This, however, is not the full story. The battle over the Bacchante exposes fundamental issues about civic control and the organization of public space in the late nineteenth century. The furor the statue caused had less to do with squeamishness over nudity or overzealous sobriety than with competing claims to social legitimacy. The opposition to the statue expressed both by antivice and religious organizations, typically of middle- and upper-class membership, and by key figures of Boston's Anglo-Saxon, Protestant elite suggests deep anxiety over changing identities and shifting hierarchies within the city. These groups fought the sculpture not so much because they found it offensive as because they feared its potential corrupting power over others; it would become a catalyst to social anarchy. Perhaps more accurately, opponents to the statue saw in it a challenge to a moral and social hierarchy whose existence shored up their waning political power. Behind a seemingly decorative bronze Bacchante lurked a basic question: Whose civic values would shape public life?


These groups fought the sculpture not so much because they found it offensive as because they feared its potential corrupting power over others; it would become a catalyst to social anarchy.
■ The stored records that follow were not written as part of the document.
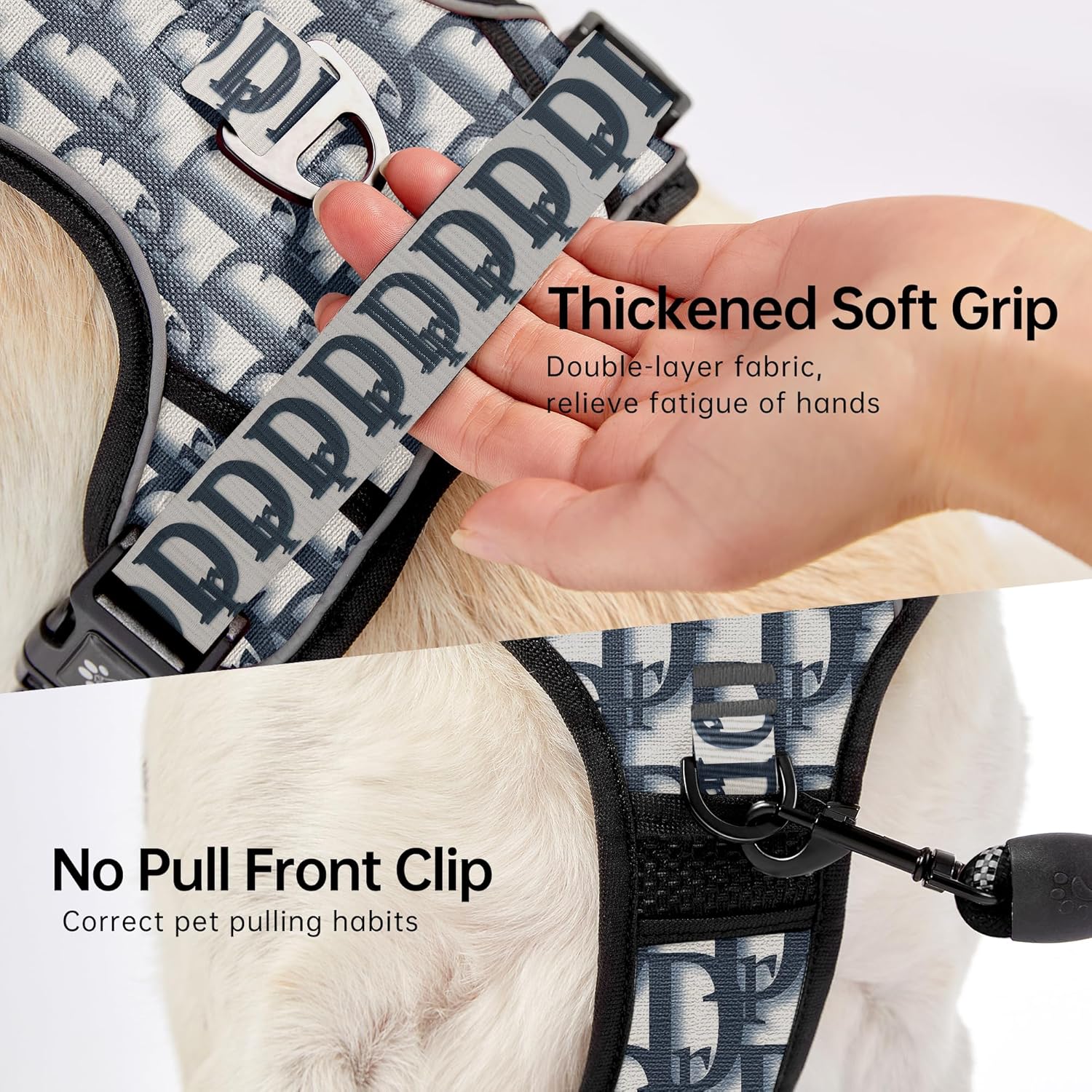 - 【SAFETY DETAILS】 Front and Rear Clip Design - One front clip for pull-free control or dog training and the other rear clip for casual walking or jogging. In addition, the reflective strip design allows your dog to walk freely at night and prevent collisions
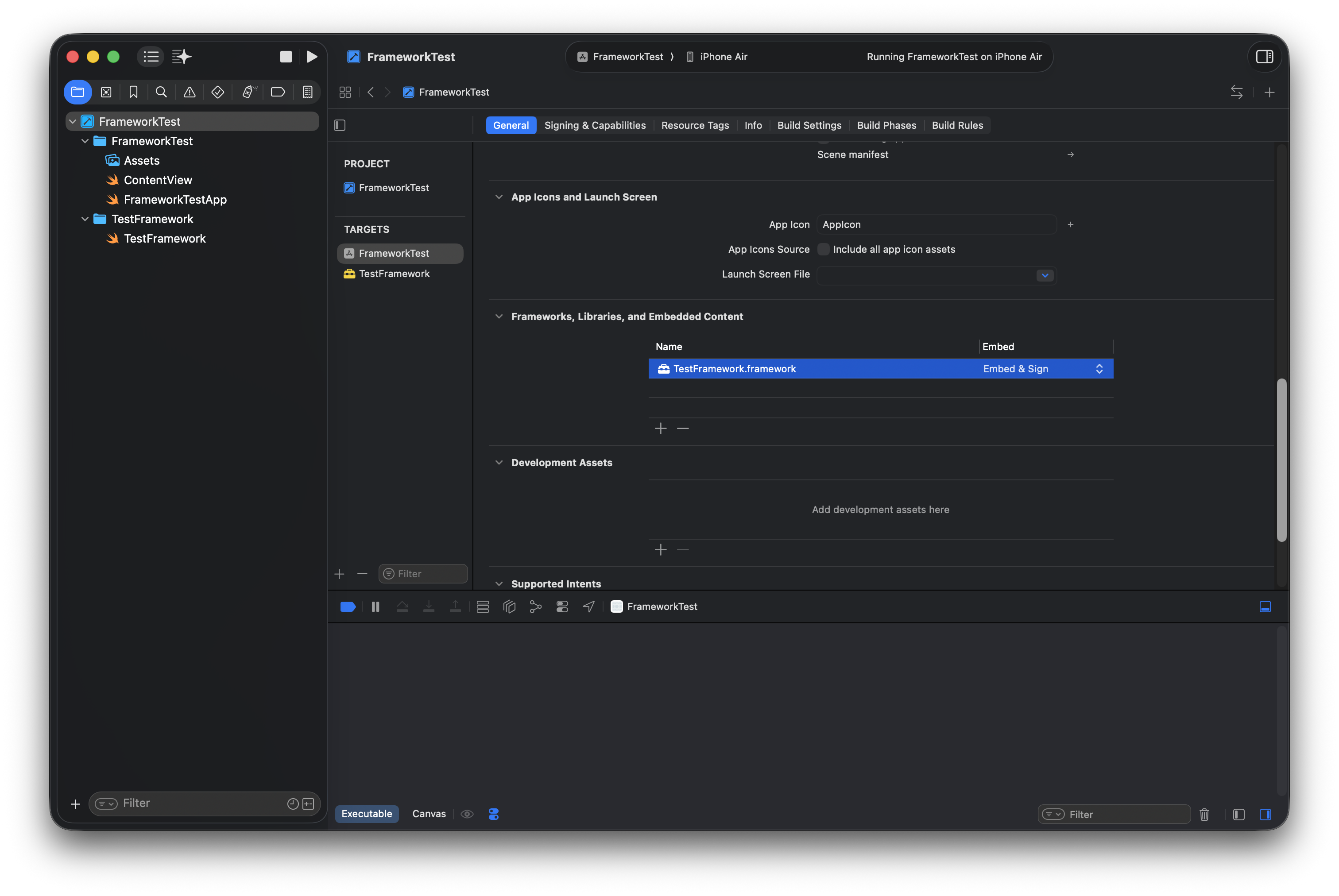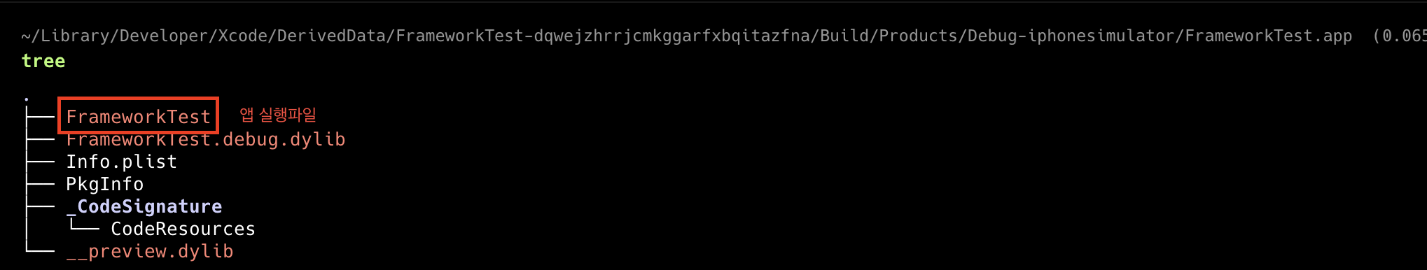 참고로 Runpath Search Paths에서 설정한 대로, 앱 번들 내부에 Frameworks라는 디렉토리가 존재 했으며, 해당 디렉토리 내부에 TestFramework라는 프레임워크 실행 파일이 포함되어 있었다. 이를 통해 해당 프레임워크는 빌드 시 실행 파일에 병합되지 않고, 런타임에 동적으로 로드되어 참조되는 구조임을 확인할 수 있었다.
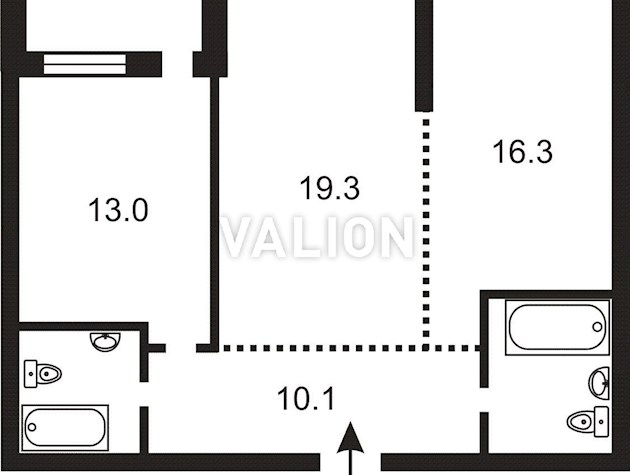 Двокімнатна 110/62/16 м2 3/4 эт.
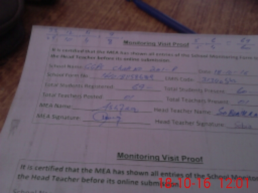 | Attendance Register | Head Teacher | MEA with School | Visit Proof |

By proposing to set the bronze in the Boston Public Library, McKim and his supporters unwittingly thrust the Bacchante into the center of contemporary debates over women's roles, the position of an Anglo-Saxon, Protestant elite, and the proper nature of leisure activities. Turn-of-the-century public works of art, as the Bacchante story suggests, played a pivotal role in struggles by competing classes and ethnic groups for social and political expression.


Joyous Nymph or Wanton Woman?


From the beginning, McKim thought he had presented to the city of Boston a splendid gift. Not only had the Bacchante been well received upon its completion in 1893, but MacMonnies himself had earned by the early 1900s numerous awards and commissions, both in Paris where he studied and worked and in the United States. One of his most renowned projects was the Barge of State fountain, the sculptural centerpiece at the Chicago World's Fair of 1893. In designing the Boston Public Library, McKim had planned a courtyard fountain as a memorial to his recently deceased wife. When he received the statue from Frederick MacMonnies-a thank you for the architect's generosity in helping finance the young sculptor's first study trip to Paris back in 1884-McKim rejoiced, believing that he had found the perfect complement to his Renaissance, palazzo-style building.

Artists and audiences on both sides of the Atlantic found much to applaud in MacMonnies' conception. When it first went on display in Paris at the Salon of 1894, the work met critical acclaim. Impressed with the Bacchante, the French government contacted the sculptor about purchasing it for the Luxembourg Museum-a singular honor for an American artist. (Having already promised the statue to McKim in June, MacMonnies made a replica for the Luxembourg.) Encouraged perhaps by the reception in France, MacMonnies began making reductions of the Bacchante in 1895, which were exhibited and sold in the States. American art critic Royal Cortissoz singled out the statuette for praise, declaring after a New York showing: "It is deft, compact, a little triumph of concision, yet it has all the expansive grace, all the intimations of endless movement, which belong to a dancing figure."6


By proposing to set the bronze in the Boston Public Library, McKim and his supporters unwittingly thrust the Bacchante into the center of contemporary debates over women's roles, the position of an Anglo-Saxon, Protestant elite, and the proper nature of leisure activities.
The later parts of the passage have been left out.